Jane smiled. "Y'know, Jerry, it does me a lot of good to hear you say that. In a very sick, paradoxical way, of course."
Jerry grimaced and ran his hand over his sandy hair. He was losing some of it in front, and the virching helmet had mashed the sides down over his ears, like a little boy's hair. ''Family is a nightmare.~~
"I'm with you," Jane said. She felt very close to him suddenly. Family troubles were one of their great commonalities. It had been good of him to agree to let her brother into the Troupe, when she'd been so frank about Alex's shortcomings. She was sure that Jerry would never have done such a thing for anyone else. She was being stupid and reckless and troublesome, and Jerry was letting her do it, as a kind of gift. Because he loved her.
"We gotta think this through, some," she told him. "The Troupe's not gonna like this much. Alex is no star recruit, that's for sure. He has no skills. And not much education. And he's an invalid."
"How sick is he? Is he badly off?"
"Well, I've always thought Alex was nine tenths malingerer, at heart. Dad's dropped thousands on him, but never pinned down what's wrong with him. But I can guarantee he's not contagious."
"That's something, at least."
"But he does get bored, and touchy, and then he gets these spells. They're pretty bad, sometimes. But he's always been like that."
"No one stays with the Troupe who can't pull weight," Jerry said.
"I know that, but I don't think he'll stay for long. If he doesn't run off by himself, then the Troupe'll throw him out after a while. They're not patient people. And if there's a way to make trouble here, Alex will probably find it." Jane paused. "He's not stupid."
Jerry silently drummed his fingers on his papered knee.
"I had to do this, because he's my little brother, and he was in really bad trouble, and I felt sure he was going to die." Jane was surprised at how much it hurt her to say that, at how much real pain and sense of failure she felt at the thought of Alex dead. She'd resented Alex for as long as she could remember, and in rescuing him, she'd thought she was doing something tiresome and familial and obligatory. But at the thought of Alex dead, she felt a slow burn of deep unsuspected emotion, a tidal surge of murky grief and panic. She wasn't being entirely frank with Jerry. Well, it wasn't exactly the first time.

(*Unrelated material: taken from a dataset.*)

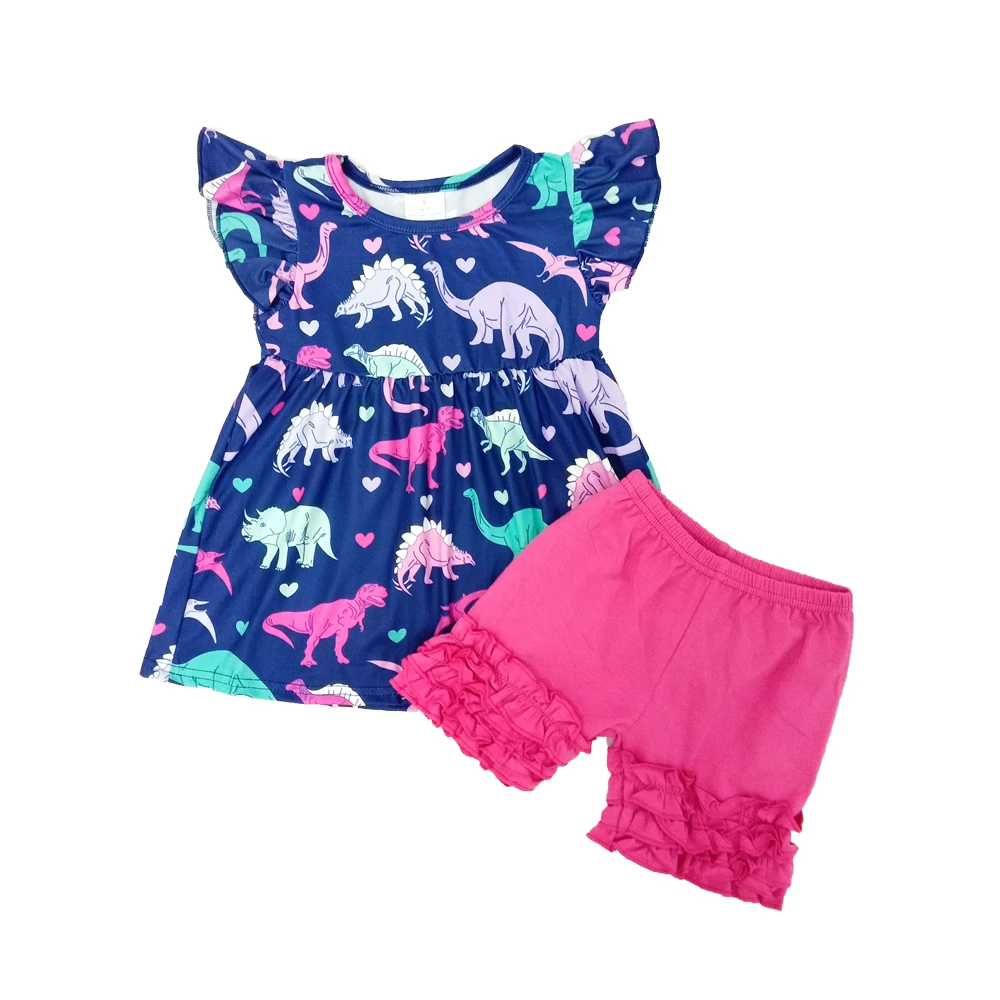 Лидер продаж, Детская летняя одежда с героями мультфильмов топ с динозавром для девочек и шорты с оборками комплект из 2 предметов, повседневная одежда для маленьких девочек

She took a breath and composed herself. "I've just dragged Alex out of the mess he was in, but I wish I could be responsible for him. But I can't. I believe in the work here. You know I believe in the work, and I do what I can to help. But now I've done something that really doesn't help the Troupe. I just brought you a big load of trouble. I'm sorry, sweetheart."
Jerry was silent.
"You're not angry with me, Jerry?"
"No, I'm not angry. It is a complication, and it's not helpful. But it's simple, if you can let it be simple. As far as I'm concerned, your brother is just like any other wannabe. He pulls his weight here, or out he goes."